Viveu em vários países da América Latina onde, conduzindo programas de reforma universitária, com base nas idéias que defende em A universidade necessária. Foi assessor do presidente Salvador Allende, do Chile, e Velasco Alvarado, do Peru. Escreveu neste período os cinco volumes de seus Estudos de Antropologia da Civilização (O processo civilizatório, As Américas e a Civilização, O dilema da América Latina, Os Brasileiros: 1. Teoria do Brasil, e Os índios e a Civilização), que têm 96 edições em diversas línguas. Neles propõe uma teoria explicativa das causas do desenvolvimento desigual dos povos americanos.
Ainda no exílio, começou a escrever os romances Maíra e O mulo, e já no Brasil escreveu dois outros: Utopia selvagem e Migo. Publicou Aos trancos e barrancos, que é um balanço crítico da história brasileira de 1900 a 1980. Publicou também uma coletânea de ensaios insólitos: (Sobre o óbvio), e um balanço de sua vida intelectual: Testemunho. Edita juntamente com Berta G. Ribeiro a Suma Teológica brasileira. Seu último livro, publicado pela Biblioteca Ayacucho, em espanhol, e pela Editora Vozes, em Português, é A fundação do Brasil, um compêncio de textos históricos dos séculos 16 e 17, comentados por Carlos Moreira, e precedidos de um longo ensaio analítico sobre os primórdios do Brasil.
Retornando ao Brasil em 1976, voltou a dedicar-se à educação e à política. Elegeu-se vice-governador do estado do Rio de Janeiro, foi secretário da Cultura e Coordenador do Programa de Educação, com o encargo de implantar 500 CIEPs que são grandes escolas de turno completo para 1000 crianças e adolescentes. Criou, então, a Biblioteca Pública Estadual, a Casa França-Brasil, a Casa Laura Alvin, o Centro Infantil de Cultura de Ipanema. E o Sambódromo, em que colocou 200 salas de aula para fazê-lo funcionar também como uma enorme escola primária.
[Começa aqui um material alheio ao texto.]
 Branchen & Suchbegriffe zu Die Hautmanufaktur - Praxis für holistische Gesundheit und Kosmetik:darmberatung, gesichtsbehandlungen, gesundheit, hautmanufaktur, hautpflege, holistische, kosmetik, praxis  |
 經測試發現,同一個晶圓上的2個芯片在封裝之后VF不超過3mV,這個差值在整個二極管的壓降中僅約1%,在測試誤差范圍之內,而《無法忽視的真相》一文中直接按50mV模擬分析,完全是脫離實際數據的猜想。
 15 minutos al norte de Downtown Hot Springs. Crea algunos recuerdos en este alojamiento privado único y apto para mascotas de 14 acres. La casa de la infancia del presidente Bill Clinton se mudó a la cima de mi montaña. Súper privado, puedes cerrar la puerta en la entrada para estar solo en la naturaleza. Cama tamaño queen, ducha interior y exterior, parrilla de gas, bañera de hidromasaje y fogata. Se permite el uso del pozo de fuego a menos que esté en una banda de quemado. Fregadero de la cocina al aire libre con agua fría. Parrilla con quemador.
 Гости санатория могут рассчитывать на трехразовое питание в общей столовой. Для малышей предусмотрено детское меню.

Elegeu-se senador da República, função que exerce defendendo vários projetos, entre eles, uma lei de trânsito para defender os pedestres contra a selvageria dos motoristas; uma lei dos transplantes que, invertendo as regras vigentes, torna possível usar órgãos dos mortos para salvar os vivos; uma lei contra o uso vicioso da cola de sapateiro que envenena e mata milhares de crianças. Combate energicamente no Congresso para que a Lei de Diretrizes e Bases da Educação seja mais democrática e mais eficaz. Publica pelo Senado a revista Carta, onde os principais problemas do Brasil e do mundo são analisados e discutidos. Foi eleito membro da Academia Brasileira de Letras.
Conta entre suas façanhas maiores haver contribuído para o tombamento de 98 quilômetros de belíssimas praias e encostas, além de mais de mil casas do Rio antigo. Colaborou na criação do Memorial da América Latina, edificado em São Paulo com projeto de Oscar Niemeyer. Gravou um disco na série mexicana "Vozes da América". E mereceu títulos de Doutor Honoris Causa da Sorbonne e das Universidades de Montevidéu, Copenhague e da Venezuela Central.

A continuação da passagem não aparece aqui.